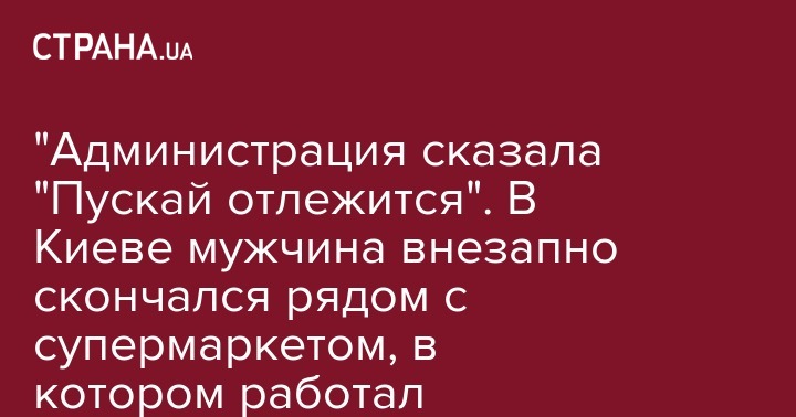 Журналист dtp.kiev.ua Влад Антонов также прокомментировал произошедшее. Он поражен реакцией руководства супермаркета, где работал умерший сотрудник. "Пусть лежит", - приблизительно так ответили администраторы ритейла, узнав о найденном трупе. "Администрация решила не помогать. "Пускай отлежится", - недоумевает Владислав Антонов.
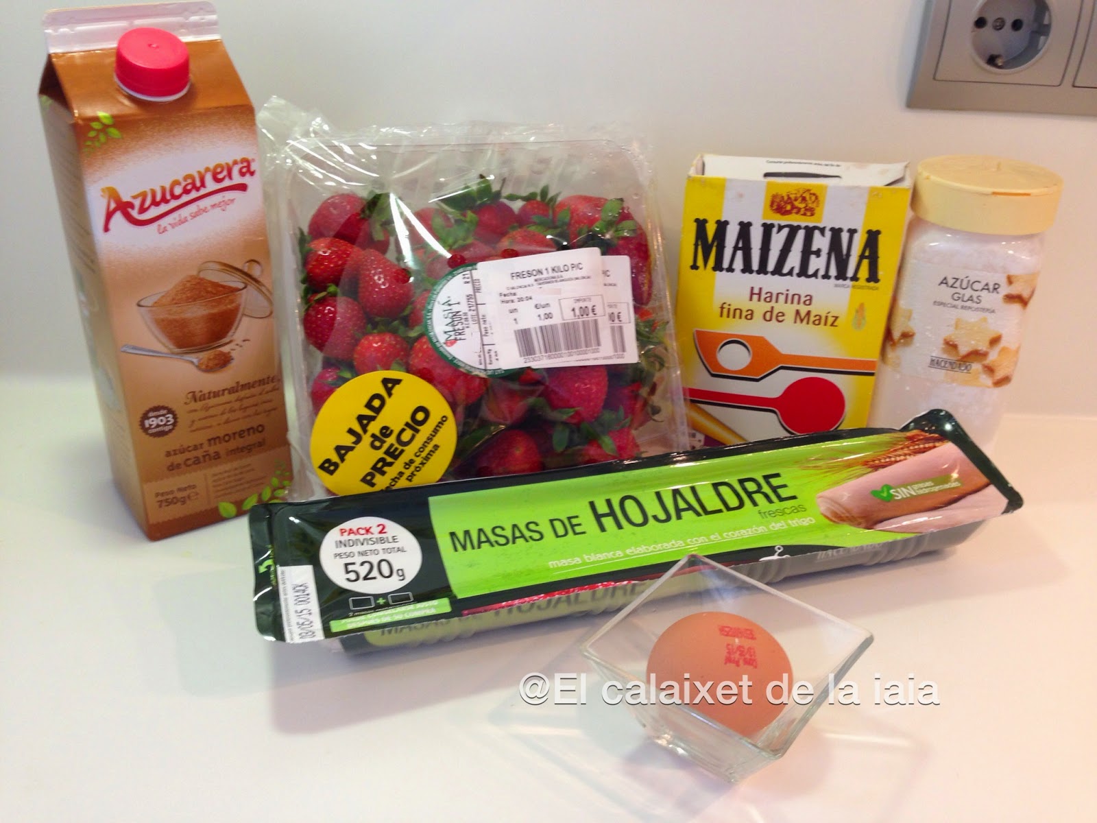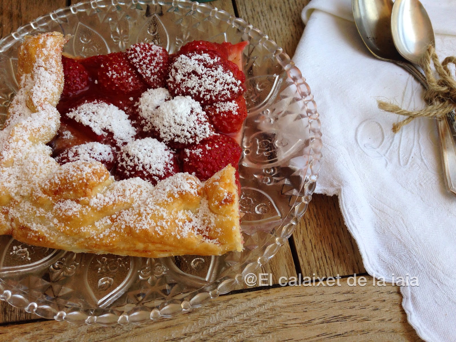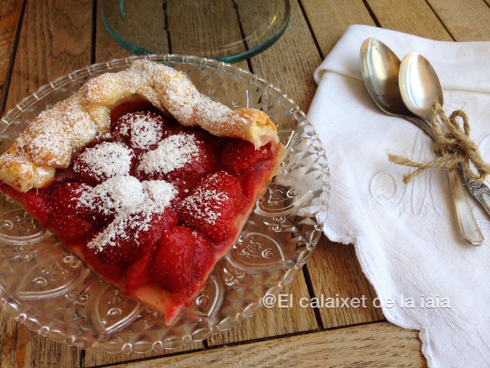 En el súper tenían los fresones a 1€ el k. porque ya comenzaban a estar un poco blandos, ahora que comienzan a estar dulces, así que utilicé los mejores para una macedonia, otros para un batido, para una naranja preparada con fresones, y el resto para ésta galette y todooo con un euro de fresones.
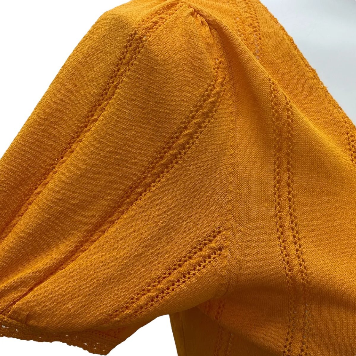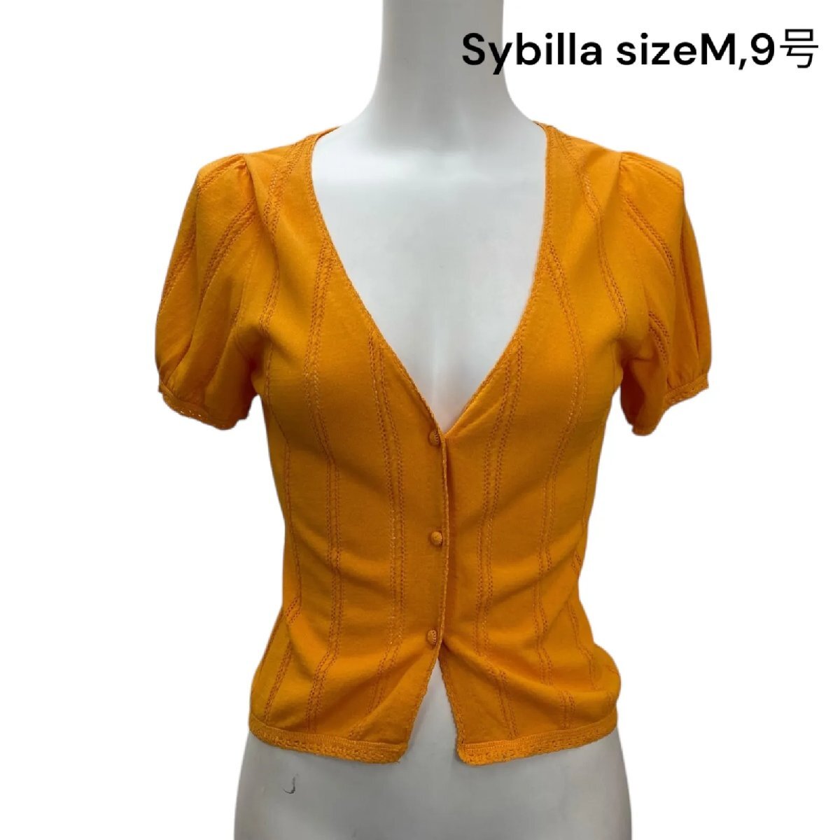 シビラ Sybilla カーディガン トップス 半袖 ニット オレンジ 透かし編み M、9号 レディース S5S117
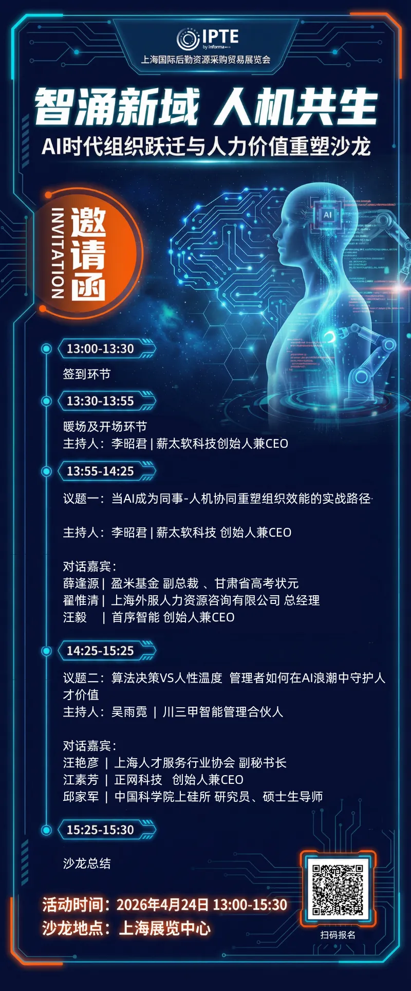 智启十五五・AI赋能企业高质量发展沙龙、智涌新域,人机共生——AI时代组织跃迁与人力价值重塑沙龙现场,将由薪太软、中国科学院上硅所等单位负责人、优秀青年企业家分享前沿实践。基于行业交流需求与企业合作意向,展期内创新举办差旅经理、行政经理、人事经理交流会,为行业从业者提供深度交流平台,并助力企业快速对接优质资源。
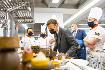 Emmanuel Macron w kuchni w liceum
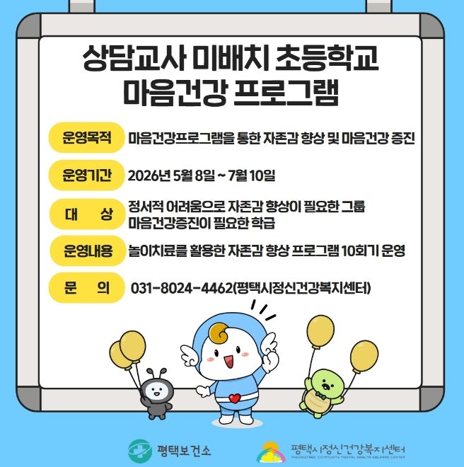 미디어라이프 중부신문 이종인 기자 | 평택시는 상담교사가 배치되지 않은 초등학교 학생들의 정신건강 지원을 위해 ‘마음건강 프로그램’을 운영한다고 밝혔다.

----------------------------------------

Instructions for the task
Keeping every word as it is, write out all the data and omit the pictures.

Answer to this exercise
 Журналист dtp.kiev.ua Влад Антонов также прокомментировал произошедшее. Он поражен реакцией руководства супермаркета, где работал умерший сотрудник. "Пусть лежит", - приблизительно так ответили администраторы ритейла, узнав о найденном трупе. "Администрация решила не помогать. "Пускай отлежится", - недоумевает Владислав Антонов.
 En el súper tenían los fresones a 1€ el k. porque ya comenzaban a estar un poco blandos, ahora que comienzan a estar dulces, así que utilicé los mejores para una macedonia, otros para un batido, para una naranja preparada con fresones, y el resto para ésta galette y todooo con un euro de fresones.
 シビラ Sybilla カーディガン トップス 半袖 ニット オレンジ 透かし編み M、9号 レディース S5S117
 智启十五五・AI赋能企业高质量发展沙龙、智涌新域,人机共生——AI时代组织跃迁与人力价值重塑沙龙现场,将由薪太软、中国科学院上硅所等单位负责人、优秀青年企业家分享前沿实践。基于行业交流需求与企业合作意向,展期内创新举办差旅经理、行政经理、人事经理交流会,为行业从业者提供深度交流平台,并助力企业快速对接优质资源。
 Emmanuel Macron w kuchni w liceum
 미디어라이프 중부신문 이종인 기자 | 평택시는 상담교사가 배치되지 않은 초등학교 학생들의 정신건강 지원을 위해 ‘마음건강 프로그램’을 운영한다고 밝혔다.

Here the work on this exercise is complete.